Where do i go frum here??

Oct 19, 2004 18:11

i think it's more i've always tried to put a smile on my face the best i could & pretend like everythin was okay, but i cant do it nemore. i've officially hit rock bottom. & suuure there's times wen life SEEMS sooo great & nuttin could be betta but the truth is its not. & it always seems to fade away. there are very few people i can actually talk to rite now & kno they completely understand, or atleast pretend to. & afta alls sed & done everythins the same..& by same i mean; they dont luv me ne different, they dont look at me ne different, they're jus there for me. i dont want pity, at all, & those who kno me..& i mean REALLY kno me, kno thats not wat i want at all. im jus not sure wat more i can do, & to be honest IF there really is nethin more i can do. i feel as if its me & im the one goin crazy. i try to isolate myself at times, or atleast it seems that way to me, so that i dont upset people wit ne of my problems but i think its wats gettin me into trouble. i build this huge wall around me, hidin my true feelins..& i kno part of its me dealin ON MY OWN.. bein angry/sad/frustrated/i dont even kno nemore..i guess my emotions jus got the best of me. alls i can do is jus take it day by day, hopin things will change. go the way i want them to.
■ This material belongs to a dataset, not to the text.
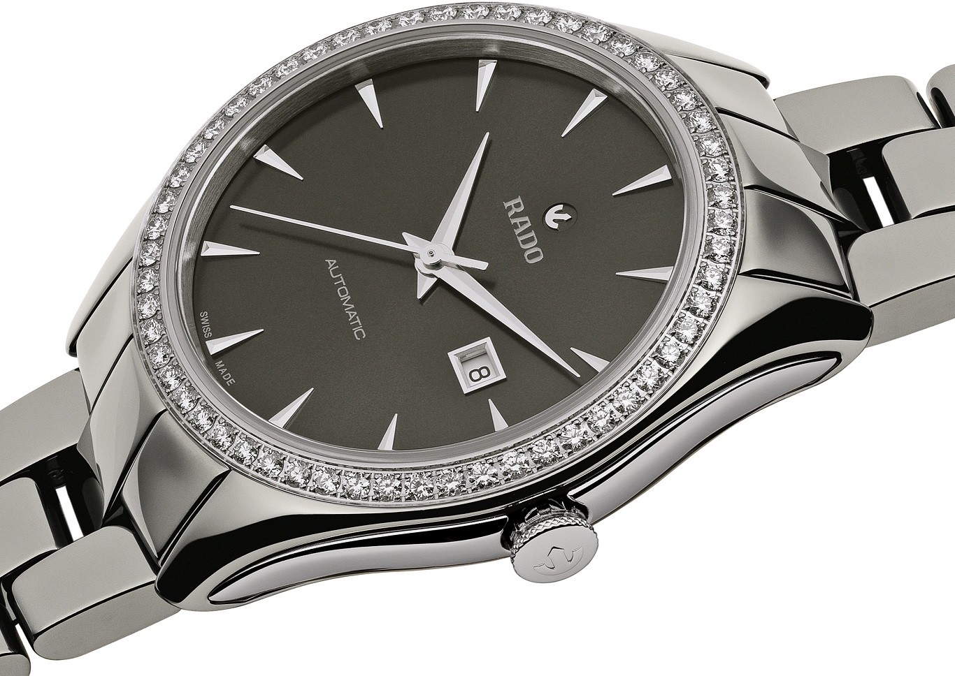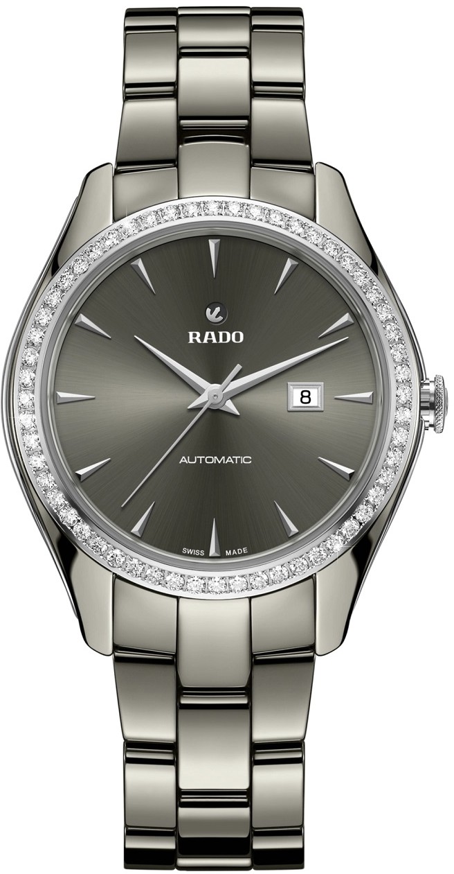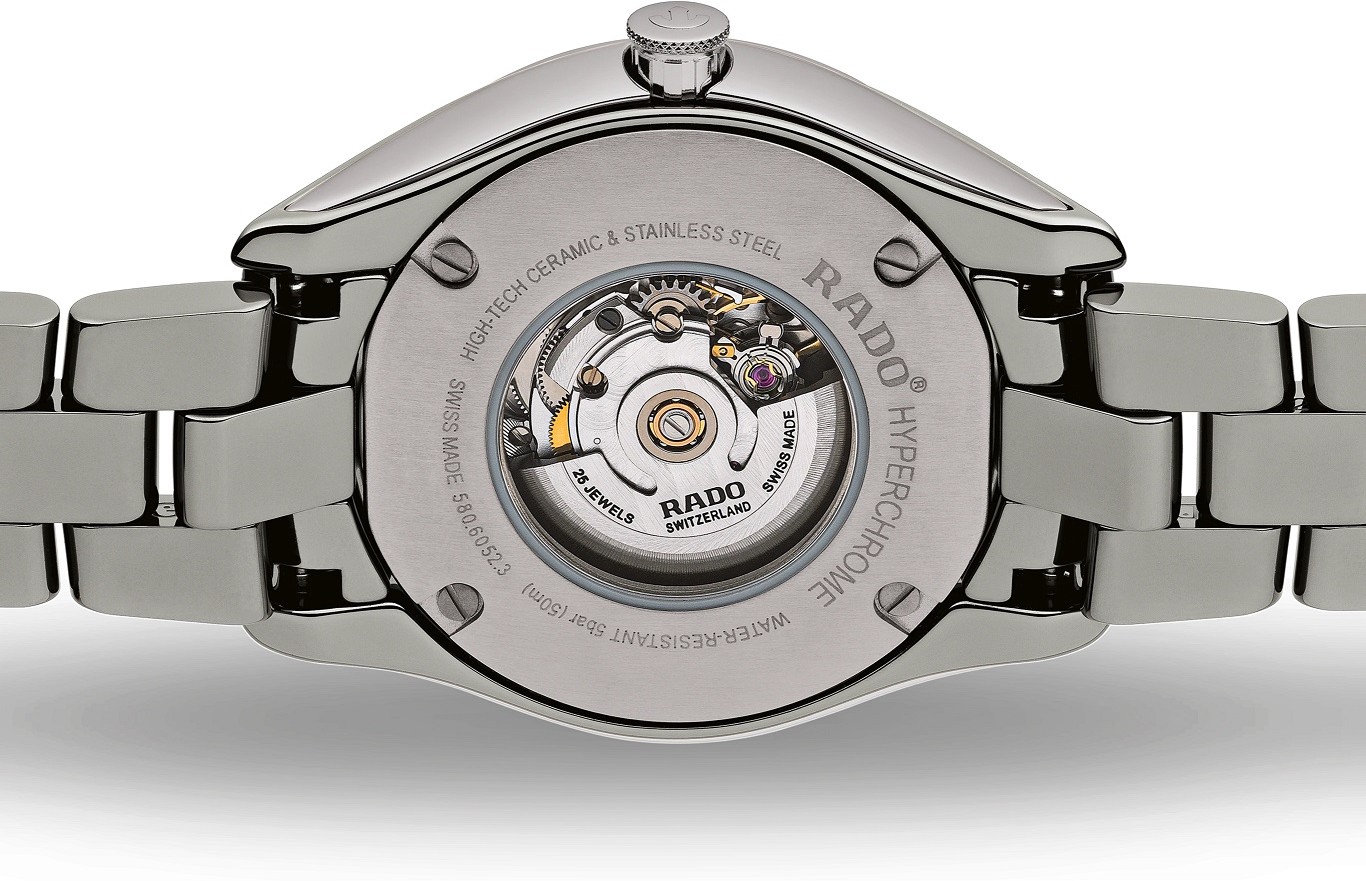 Rado HyperChrome Automatic Diamonds R32051102 jsou dámské klasické hodinky vyrobené ze speciálního materiálu Plasma High-Tech Ceramic, který je vysoce odolný vůči poškrábání. Boky pouzdra, korunka a luneta osazená diamanty jsou z nerezové oceli. Šedý číselník s efektem slunečního brusu a datumovkou na třetí hodině je chráněn safírovým sklem s oboustrannou antireflexní vrstvou a pouzdrem o průměru 36 milimetrů. Průhledné dýnko umožňuje pohled na mechanický strojek R580 (03.580.922) s automatickým nátahem dekorovaný perláží a ženevskými pruhy, který disponuje rezervou chodu 44 hodin. Tento strojek s funkcí hackingu (zastavení vteřinové ručky při vytažení korunky do krajní polohy) je možné v případě potřeby natahovat i ručně. Díky použití antimagnetického vlásku setrvačky Nivachron™ z titanové slitiny je kalibr vysoce odolný vůči vlivům magnetického pole. Pro dosažení co nejvyšší možné přesnosti je stroj testován v pěti pozicích. S vodotěsností 5 ATM jsou hodinky odolné proti dešti a při sprchování.

EVERYTHIN. & im almost positive, unless by chance a miracle comes my way, thats not gunna eva happen. jus play the cards ur dealt, & everythin will eventually work out, rite? even if it's 10 yrs frum now.

so for those who listen, & put up wit me...thanx. i dont kno how many times i can say 'i appreciate it.' to my friends; ur really wat keeps me goin.<3 so if i dont always show it, it doesnt mean my feelins change.

it goes to show, ya neva kno
wen everythins about to change
jus another day started like ne other.